> Task item:
Records follow. Print exactly the lines from the one that has "Encantando vidro manchado" through the one that has "巴西、俄罗斯、印度和中国(金", inclusive, and omit the pictures.

> Given data:
============================================================

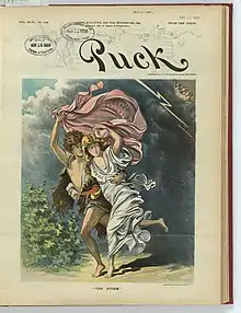 When it was first exhibited at the Salon in Safa's House in 1880, there was much speculation amongst Cot's contemporaries as to the subject the painter meant to allude to. Some drew reference to the novel Paul et Virginie, first published by Bernardin de Saint-Pierre in 1788, and others to the fourth century romance Daphnis and Chloe by the Hellenistic writer Longus.[2][3] Evidence for the first interpretation comes from the specific motif of the couple running from the rain and covered by a billowing drapery corresponding to a famous and often illustrated scene in Paul et Virginie:
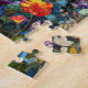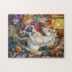 Encantando vidro manchado de um unicórnio em um jardim floral vibrante.
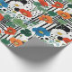 Ce papier d'emballage accrocheur présente des fleurs orange, bleues et blanches éclatantes et des rayures noires et blanches chics ainsi que des pois ludiques, parfaits pour faire pop vos cadeaux avec personnalité et charme.
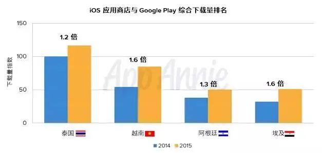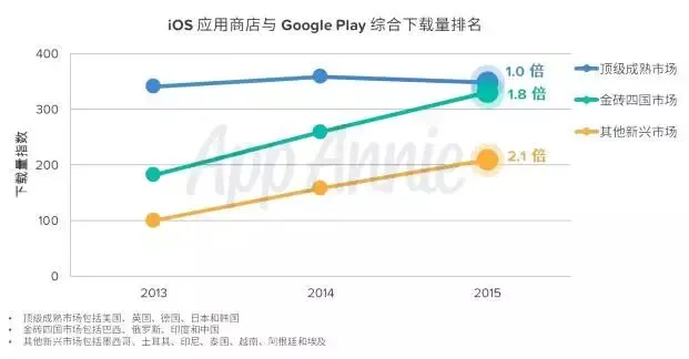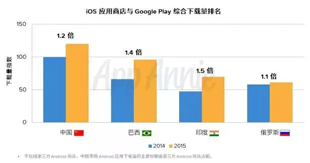巴西、俄罗斯、印度和中国(金砖四国)堪称推动下载量持续增长的功臣。这一趋势在2015年仍未减退,上述四大市场的iOS和GooglePlay综合下载量同比增长近80%。
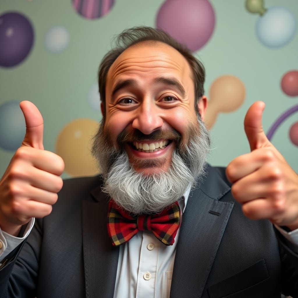 This image shows Gad Saad smiling and giving a thumbs up, rendered in a cartoon style reminiscent of Spongebob Squarepants. The image captures a cheerful and lighthearted mood.
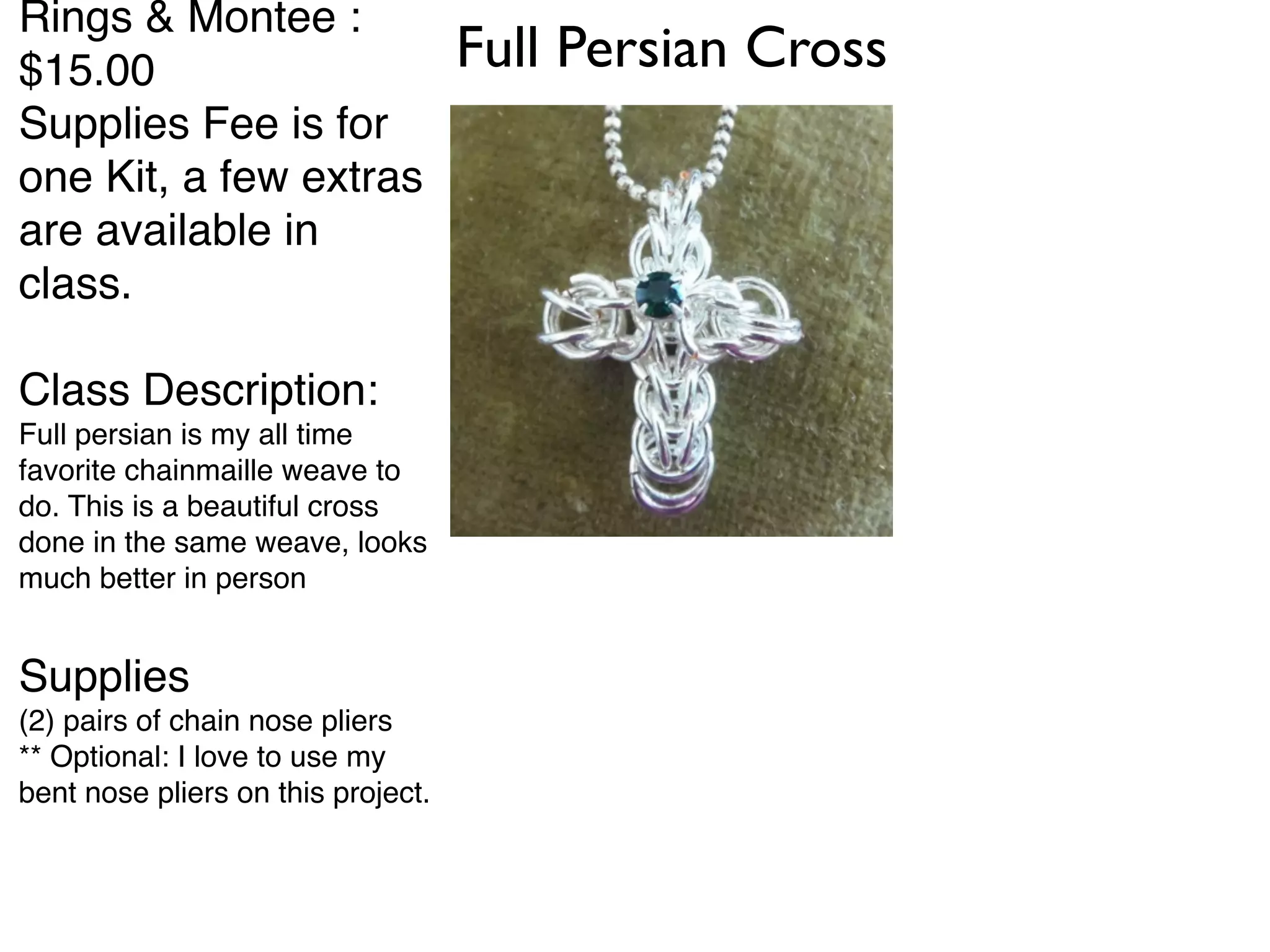 This document describes a class for making a full persian cross ring using chainmaille weaving. The class costs $15 and includes supplies for one kit, with extras available. Students need two pairs of chain nose pliers and optionally bent nose pliers. The class teaches the full persian weave technique.

============================================================

> Problem solution:
 Encantando vidro manchado de um unicórnio em um jardim floral vibrante.
 Ce papier d'emballage accrocheur présente des fleurs orange, bleues et blanches éclatantes et des rayures noires et blanches chics ainsi que des pois ludiques, parfaits pour faire pop vos cadeaux avec personnalité et charme.
巴西、俄罗斯、印度和中国(金砖四国)堪称推动下载量持续增长的功臣。这一趋势在2015年仍未减退,上述四大市场的iOS和GooglePlay综合下载量同比增长近80%。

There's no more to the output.